What is the best way to check the text for the presence of words from the database in Django?

S

StasShk2017-04-12 03:24:49

Django

StasShk, 2017-04-12 03:24:49

I'm trying to implement a check of downloaded texts for the presence of words from the black list. The list itself is stored in the database and will be updated promptly. I came up with something like this myself:

for i, wrd in enumerate(text.lower().split()):
  if BadWords.objects.filter(bword=wrd ).exists():
    return ....

But the texts can be quite large and come in large numbers, a faster solution is needed.

Reply

Answer the question

In order to leave comments, you need to log in

1 answer(s)

M

marazmiki, 2017-04-12
@StasShk

If we abstract from the database, then the task looks a little easier.

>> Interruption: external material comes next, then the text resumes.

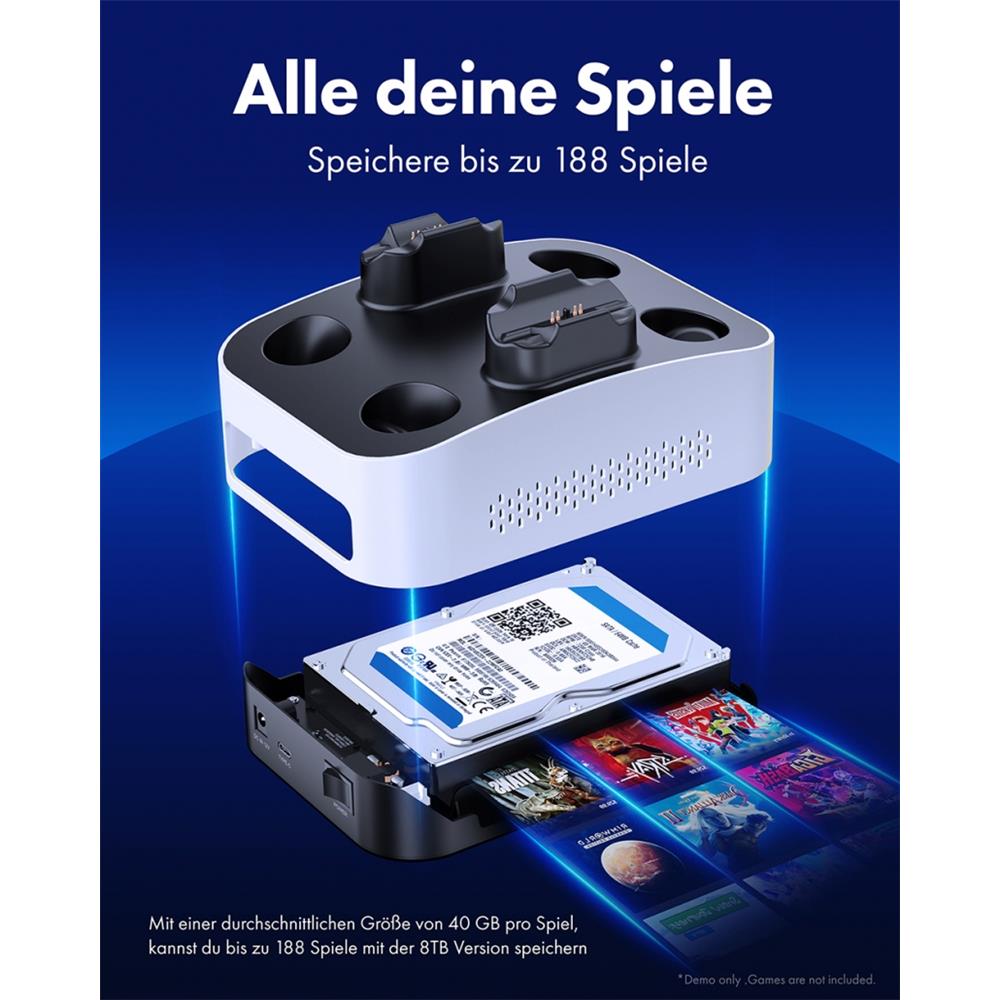 - 8TB Festplatte mit integrierter Controller-Ladestation

Consider that there are two sets: the set of bad words and the set of words in the text. It remains to determine whether these sets intersect. If they intersect, then there is at least one bad word :-)

>>> a = { 1, 2, 3 }
>>> b = { 2, 3, 4 }
>>> c = { 5, 6 }
>>>
>>> a & b
{2, 3}
>>> a & c
set()

Now closer to the applied problem. Since many of the "bad words" are stored in the database (by the way, models are usually called in the singular - BadWord - and not in the plural, as you have), but until changes occur, it can be considered static. Therefore, you can shamelessly take this set from the cache.

# utils.py
from django.core.cache import cache

def get_bad_words():
    return cache.get('bad_words')

and recalculate the cache when creating, editing or deleting entries from BadWords. For example, using signals:

# models.py
def set_bad_words(**kwargs):
    from django.core.cache import cache
    cache.set('bad_words', {w.bword for w in BadWords.objects.all()})

models.signals.post_save.connect(set_bad_words,  sender=BadWords)
models.signals.post_delete.connect(set_bad_words, sender=BadWords)

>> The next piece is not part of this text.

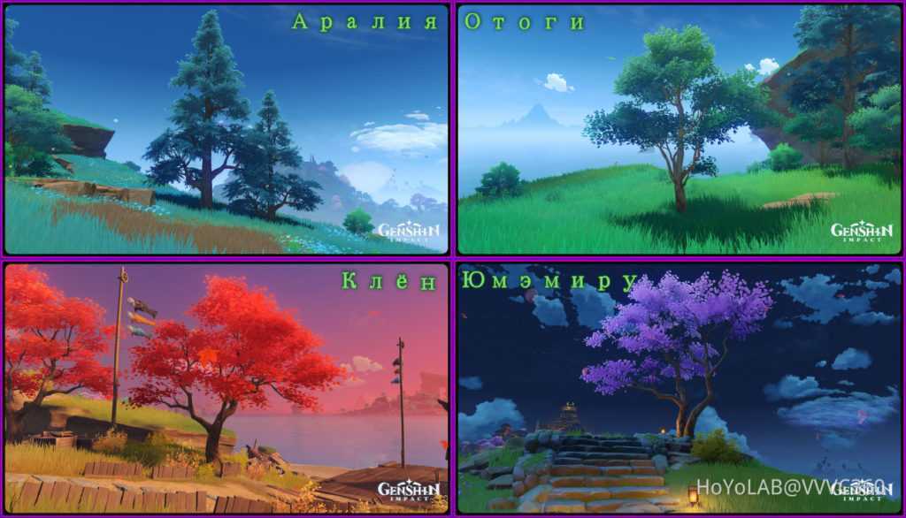 - Аралия – древесина инадзумского кедра. Произрастает на острове Наруками и Ясиори близ горных уступов.
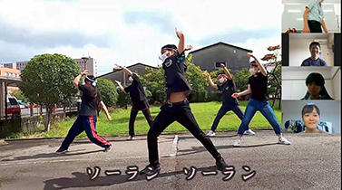 クライマックスは、留学生と日本人学生たちがコラボで仕上げたミュージックアワーです。日本人学生の盆踊りの紹介に続いて、留学生と日本人学生混成のダンスチームがソーラン節を披露すると、その動きの激しさや軽快なリズムに手拍子をたたいて楽しむ留学生もみられました。最後は学生有志による楽器演奏、「パプリカ」の合唱で幕を閉じました。

Now it remains only to convert the incoming text into a set of words
AND an example of use:

# utils.py

def get_words_from_text(text_string):
    return set([w for w in text_string.lower().split()])

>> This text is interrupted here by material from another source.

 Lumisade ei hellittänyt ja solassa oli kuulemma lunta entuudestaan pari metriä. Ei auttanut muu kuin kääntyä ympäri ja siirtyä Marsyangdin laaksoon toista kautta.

and determine if there are bad words (i.e. if the sets intersect):

# utils.py

def has_bad_words(text_string):
    return bool(get_bad_words() & get_words_from_text(text_string))

In general, there is still room for refactoring and improvements (it would be nice to clean punctuation, stop words, extra spaces from the text, move signals to apps.py according to the new application loading rules, or even throw them out altogether), but the idea, I think, is clear.